Everyone knows and loves the A* search. If you're familiar with it and want to jump ahead to parallelizing it, please feel free.

For those who aren't familiar with A* and don't want to read the complete treatment above, A* is a type of best-first search. It uses a heuristic function to estimate the distance between any node under consideration and the goal. Essentially, A* uses extra information about the problem domain to make informed choices when it considers where to go next.

Take for example the problem of a programmer who lives in San Francisco who has accepted a job in Boston. She's packed all her stuff in a moving van which gets terrible gas mileage, so she's taken out the highway map to find the shortest route between the cities.

Since she's a programmer, her map shows an abstract version of (a country remarkably similar to) the United States: only cities and highways are portrayed, in the form of vertices and edges of a weighted graph.

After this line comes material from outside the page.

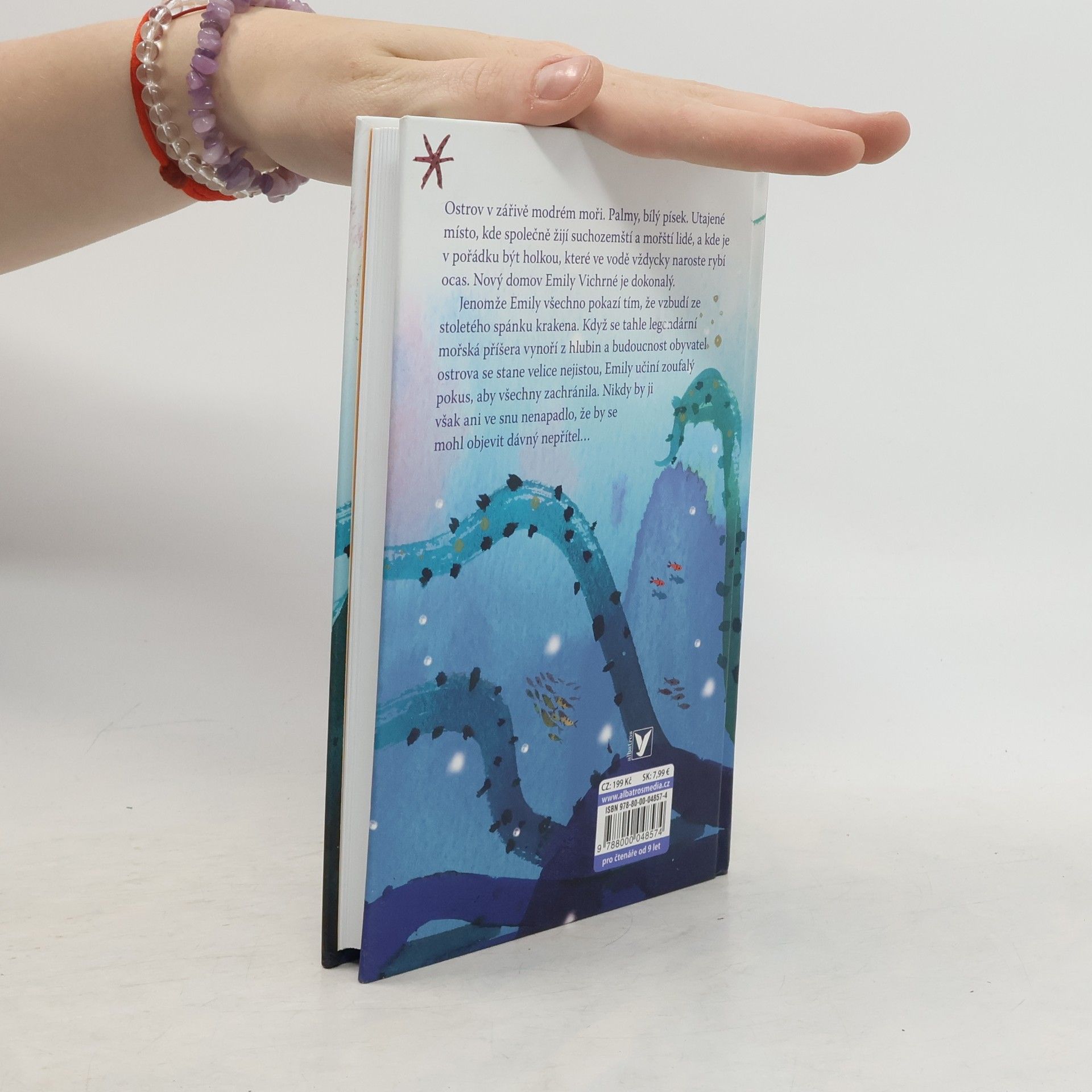 Nový domov Emily Vichrné se zdá být dokonalý. Jenže pod hladinou číhá nebezpečí... Ostrov v zářivě modrém moři. Palmy, bílý písek. Utajené místo, kde společně žijí suchozemští a mořští lidé a kde je v pořádku být holkou, které ve vodě vždycky naroste rybí ocas. Nový domov Emily Vichrné je dokonalý. Jenomže Emily všechno pokazí tím, že vzbudí ze stoletého spánku Krakena. Když se tahle legendární mořská příšera vynoří z hlubin a budoucnost obyvatel ostrova se stane velice nejistou, Emily učiní zoufalý pokus, aby všechny zachránila. Podaří se jí to?

She sees that, starting in San Francisco, she has four choices for the first leg of her trip: she can drive to Portland, Reno, Las Vegas, or Los Angeles. From Portland, she can continue to Reno (backtracking to SF being forbidden); from Reno, she can go to Portland, Denver or Las Vegas; from Las Vegas, to Reno, Denver, Phoenix or Los Angeles; and from Los Angeles to Las Vegas or Phoenix. This is starting to get complicated, so she draws a tree to help her evaluate her options:

Looking at this, she and we can see that going from San Francisco to Reno to Las Vegas would be a trip of 670 miles. She could keep systematically enumerating the possible next moves from each city in a breadth first search, and it certainly will find a route to Boston, but it's not guaranteed to be the best possible route, and it may take quite a while to find any kind of solution.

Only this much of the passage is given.